DATA:
▬▬▬▬▬▬▬▬▬▬

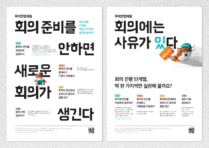 배달의민족은 “회의에는 사유가 있다”, “회의 준비를 안 하면 새로운 회의가 생긴다” 같은 기억하기 쉬운 메시지로 회의 문화 정착을 돕습니다. 주최자는 목적과 안건을 명확히 공유하고, 참석자는 자료를 사전 숙지해 참여하는 게 원칙이에요. 또 ‘회의 문화 서포터즈’를 운영해 좋은 사례와 개선점을 발굴하며 긍정적인 분위기를 확산합니다. 포스터, 배경화면, 스티커 등 다양한 시각 자료로 회의 에티켓을 전파해 구성원 스스로 회의 문화를 만들어가도록 독려하고 있습니다.
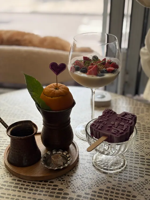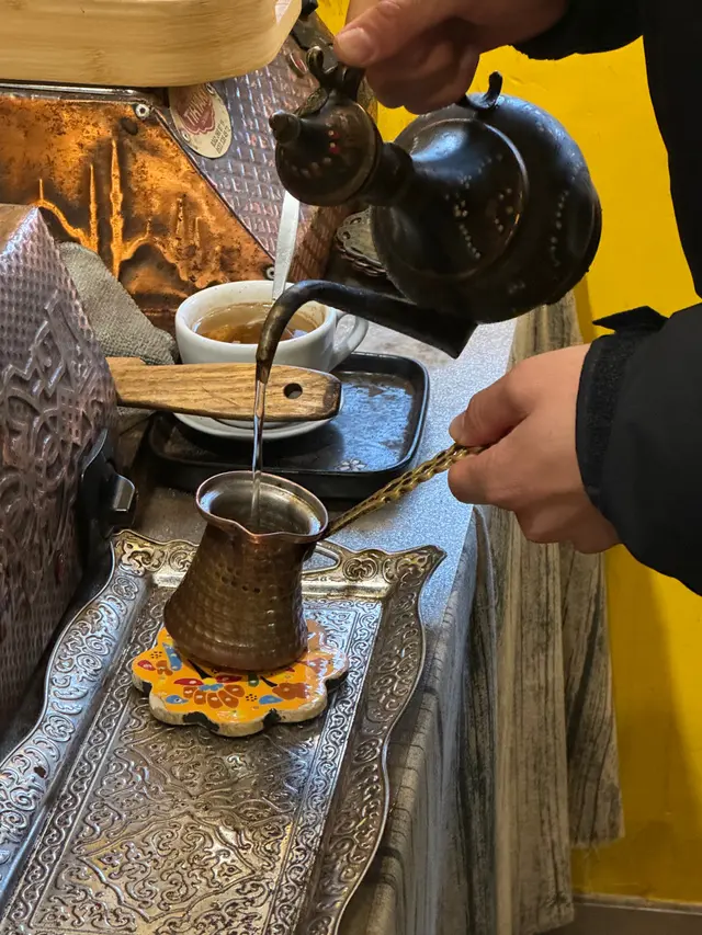 假日同朋友入離島chill下😮💨知道最近馬灣開咗新嘅打卡景點馬灣1868壁畫村,梗係要入去朝聖一下打下卡📸去咗bookmark咗好耐嘅土耳其主題cafe-熱沙咖啡,試吓想試好耐嘅土耳其咖啡😛店內貫徹土耳其風格,食物方面有唔少中東style主菜以及其他西餐,當然唔少得正宗用沙去煮嘅土耳其咖啡啦。店內仲有肥貓同可愛嘅貴婦狗,喺度歎杯土耳其咖啡、玩下貓狗都幾正🥳🍗土耳其烤雞飯 $178份量超級大,上菜時聞到香噴噴好吸引😍烤雞尤其雞髀位超級嫩滑!好juicy😋😋雞皮塗上酸酸地微辣嘅香料,惹味之餘唔會太濃香料味,味道啱啱好。配菜有開胃嘅沙律,同樣份量十足😆🐑亞美尼亞羊架飯 $188無烤雞咁出色,不過鍾意食羊嘅人都會啱,羊架啖啖肉,肉質偏實但唔會韌,帶少許羊騷味同香草味。☕️土耳其咖啡 主菜 +$30/教玩 +$80嚟呢度嘅重點唔係歎主菜,而係歎土耳其咖啡😎土耳其咖啡跟餐+$30就有,如果想體驗更多,可以加$80,有埋店員手把手教你點沖🧑🏻🍳可以係烘熱嘅爐上慢慢用沙堆煮咖啡。店員講得好詳細,會教你煮滾幾多轉會濃郁啲淡啲,又會講解土耳其咖啡歷史👏🏻唔講唔知,原來土耳其男子要知道女仔係咪鍾意自己,會帶佢去自己屋企沖咖啡,如果女仔係咖啡內加入糖、肉桂等令咖啡風味更好嘅材料,即係對男仔要有好感,相反加入鹽、辣椒等令咖啡變奇怪嘅配料則表示拒絕🤪用呢種煮法煮出嚟嘅咖啡會滲出不少咖啡油,飲落香醇微酸,幾香,唔會太苦澀👍🏻仲有粒土耳其軟糖送。學成仲有明信片扮證書送比你做紀念🥰推介指數(10分為滿分):8分…查看更多
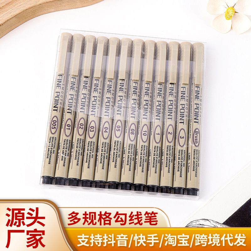針管ペン12サイズセット線筆アニメスケッチペンクロスボーダー熱売金水性顔料描画ペン

▬▬▬▬▬▬▬▬▬▬

TASK REQUIREMENTS:
Return the full listing exactly as written, without any of its images.

TASK SOLUTION:
 배달의민족은 “회의에는 사유가 있다”, “회의 준비를 안 하면 새로운 회의가 생긴다” 같은 기억하기 쉬운 메시지로 회의 문화 정착을 돕습니다. 주최자는 목적과 안건을 명확히 공유하고, 참석자는 자료를 사전 숙지해 참여하는 게 원칙이에요. 또 ‘회의 문화 서포터즈’를 운영해 좋은 사례와 개선점을 발굴하며 긍정적인 분위기를 확산합니다. 포스터, 배경화면, 스티커 등 다양한 시각 자료로 회의 에티켓을 전파해 구성원 스스로 회의 문화를 만들어가도록 독려하고 있습니다.
 假日同朋友入離島chill下😮💨知道最近馬灣開咗新嘅打卡景點馬灣1868壁畫村,梗係要入去朝聖一下打下卡📸去咗bookmark咗好耐嘅土耳其主題cafe-熱沙咖啡,試吓想試好耐嘅土耳其咖啡😛店內貫徹土耳其風格,食物方面有唔少中東style主菜以及其他西餐,當然唔少得正宗用沙去煮嘅土耳其咖啡啦。店內仲有肥貓同可愛嘅貴婦狗,喺度歎杯土耳其咖啡、玩下貓狗都幾正🥳🍗土耳其烤雞飯 $178份量超級大,上菜時聞到香噴噴好吸引😍烤雞尤其雞髀位超級嫩滑!好juicy😋😋雞皮塗上酸酸地微辣嘅香料,惹味之餘唔會太濃香料味,味道啱啱好。配菜有開胃嘅沙律,同樣份量十足😆🐑亞美尼亞羊架飯 $188無烤雞咁出色,不過鍾意食羊嘅人都會啱,羊架啖啖肉,肉質偏實但唔會韌,帶少許羊騷味同香草味。☕️土耳其咖啡 主菜 +$30/教玩 +$80嚟呢度嘅重點唔係歎主菜,而係歎土耳其咖啡😎土耳其咖啡跟餐+$30就有,如果想體驗更多,可以加$80,有埋店員手把手教你點沖🧑🏻🍳可以係烘熱嘅爐上慢慢用沙堆煮咖啡。店員講得好詳細,會教你煮滾幾多轉會濃郁啲淡啲,又會講解土耳其咖啡歷史👏🏻唔講唔知,原來土耳其男子要知道女仔係咪鍾意自己,會帶佢去自己屋企沖咖啡,如果女仔係咖啡內加入糖、肉桂等令咖啡風味更好嘅材料,即係對男仔要有好感,相反加入鹽、辣椒等令咖啡變奇怪嘅配料則表示拒絕🤪用呢種煮法煮出嚟嘅咖啡會滲出不少咖啡油,飲落香醇微酸,幾香,唔會太苦澀👍🏻仲有粒土耳其軟糖送。學成仲有明信片扮證書送比你做紀念🥰推介指數(10分為滿分):8分…查看更多
針管ペン12サイズセット線筆アニメスケッチペンクロスボーダー熱売金水性顔料描画ペン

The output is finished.